Barry's, a high-end fitness brand, has secured a strategic investment from Princeton Equity Group. The partnership aims to drive continued excellence in client experience and expand Barry’s global footprint. Advisors include J.P. Morgan Securities LLC on the sell-side and Princeton Equity Group as buy-side counsel.

Acquirer
TargetBarry's
ValueUndisclosed
TypeInvestment
Closed DateNot disclosed
Sell-side AdvisorsJ.P. Morgan Securities LLC
Buy-side AdvisorsPrinceton Equity Group
Legal Buy-SideAkin Gump Strauss Hauer & Feld LLP, DLA Piper LLP
Legal Sell-SideGreenberg Traurig, LLP

Deal Mechanics

The deal structure involves a strategic investment from Princeton Equity Group to Barry’s. Specific terms and the valuation were not disclosed.

Strategic Rationale

This partnership is intended to enhance Barry's commitment to high-quality client experiences while accelerating its international growth strategy.
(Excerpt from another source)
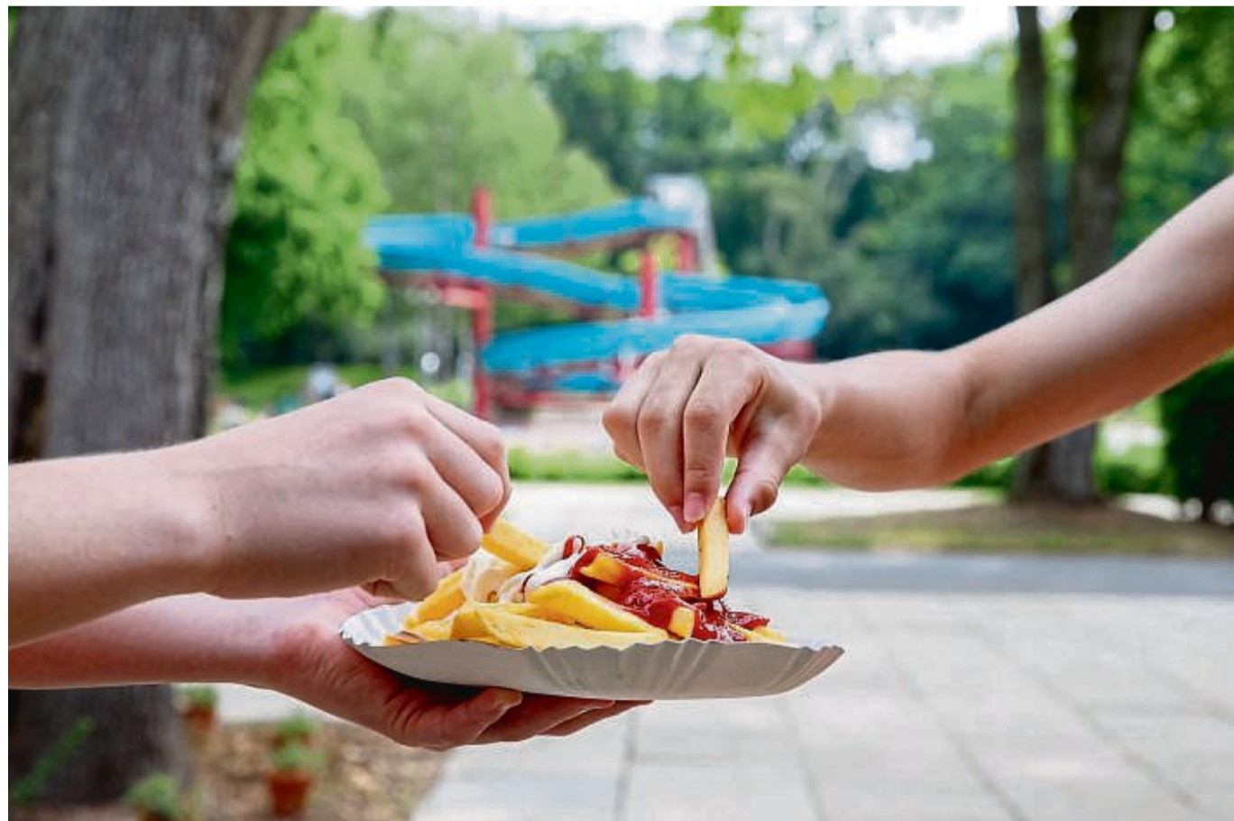
Heiße, fettige Freibad-Pommes wecken Erinnerungen an die Kindheit - eine Erklärung, warum sie so gut schmecken.

The injection of capital will support infrastructure development, technology upgrades, and operational improvements across existing and new markets.

Financial Context

Barry’s operates in the premium fitness sector, which has seen strong demand for luxury wellness services despite macroeconomic challenges. The company's unique offering positions it well to capture a share of the expanding global health and fitness market.